TLDR
- eBay is acquiring Depop from Etsy for $1.2 billion in cash, with the deal expected to close in Q2 2026.
- Depop generated $1 billion in gross merchandise sales in 2025, with nearly 60% U.S. growth year-over-year.
- eBay stock rose around 6.7% and Etsy stock jumped roughly 16.9% following the announcement.
- eBay also beat Q4 earnings, posting adjusted EPS of $1.41 vs. the $1.35 estimate, with revenue of $2.96 billion vs. $2.88 billion expected.
- Etsy originally bought Depop for $1.62 billion in 2021, meaning it’s selling at a loss, but the deal lets Etsy refocus on its core marketplace.
eBay is buying Depop from Etsy for $1.2 billion in cash. The deal sent both stocks sharply higher in after-hours trading Wednesday.
Shares of EBay rose in extended trading after the company reported quarterly sales and profit that exceeded estimates and announced it’s acquiring Depop from Etsy in a cash deal worth approximately $1.2 billion https://t.co/MV0kbwdk0V
— Bloomberg (@business) February 18, 2026
eBay shares climbed around 6.7%, while Etsy stock surged roughly 16.9% on the news. Both companies’ boards unanimously approved the transaction.
Depop is a London-based secondhand fashion platform popular with younger shoppers. Nearly 90% of its 7 million active buyers are under 34.
The platform posted around $1 billion in gross merchandise sales in 2025, including close to 60% growth in the U.S. compared to the prior year. It has more than 3 million active sellers and 56.3 million registered users.
For eBay, the deal is about getting younger. CEO Jamie Iannone said Depop gives eBay a foothold with Gen Z and Millennials, and fits into what he called an expanding “recommerce landscape.” eBay sees it as a fast-growing category that complements its existing platform.
Etsy, on the other hand, is letting it go. The company originally paid $1.62 billion for Depop back in 2021, so this deal represents a loss on that investment. CEO Kruti Patel Goyal called it “a great outcome for Etsy’s shareholders” and said it allows Etsy to put full focus back on its core marketplace.
eBay’s Q4 Earnings Add to the Good News
The Depop announcement wasn’t the only reason eBay investors were smiling Wednesday. The company also dropped a strong Q4 earnings report.

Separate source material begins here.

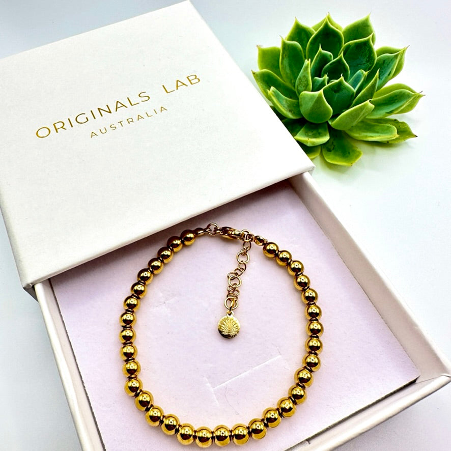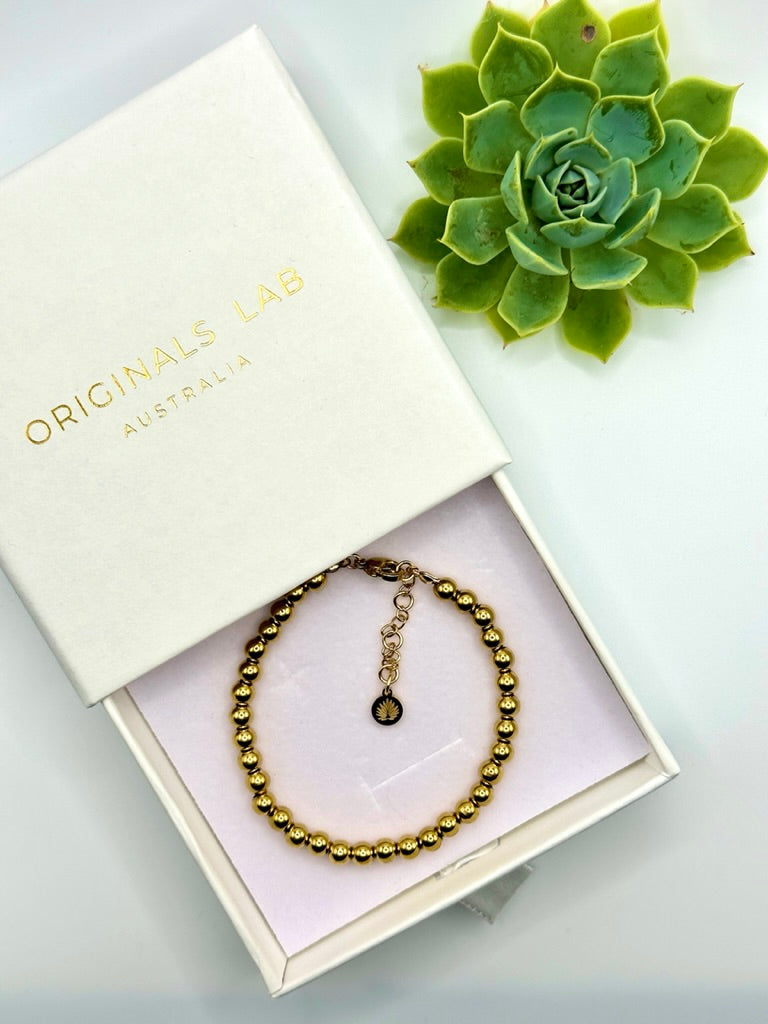 The bracelet is handcrafted with 5mm 18k gold plated orbs and an iconic Originals Lab Fan Palm charm.

eBay posted adjusted earnings of $1.41 per share, topping the $1.35 analyst estimate. Revenue came in at $2.96 billion, ahead of the $2.88 billion forecast — a 15% increase year-over-year.
Looking ahead, eBay guided for Q1 adjusted EPS of $1.53 to $1.59 and revenue of $3 billion to $3.05 billion, both above what Wall Street had expected.
Etsy Trims Its “House of Brands”
Depop wasn’t the first acquisition Etsy has walked away from. The company previously sold off Elo7 and Reverb as it struggled to maintain momentum after the pandemic e-commerce boom faded.
Etsy has faced rising competition from Amazon, Shopify, and low-cost rivals like Temu and TikTok Shop, making the case for a leaner, more focused strategy.
Etsy is set to report its Q4 2025 earnings Thursday morning, with analysts expecting EPS of $0.84 — an 18.4% decline from the same period last year.
Wall Street currently has a Hold consensus on Etsy stock, with an average price target of $61.58, implying around 40% upside from recent levels.
The Depop deal is subject to regulatory approval and standard closing conditions, with both companies targeting a Q2 2026 close.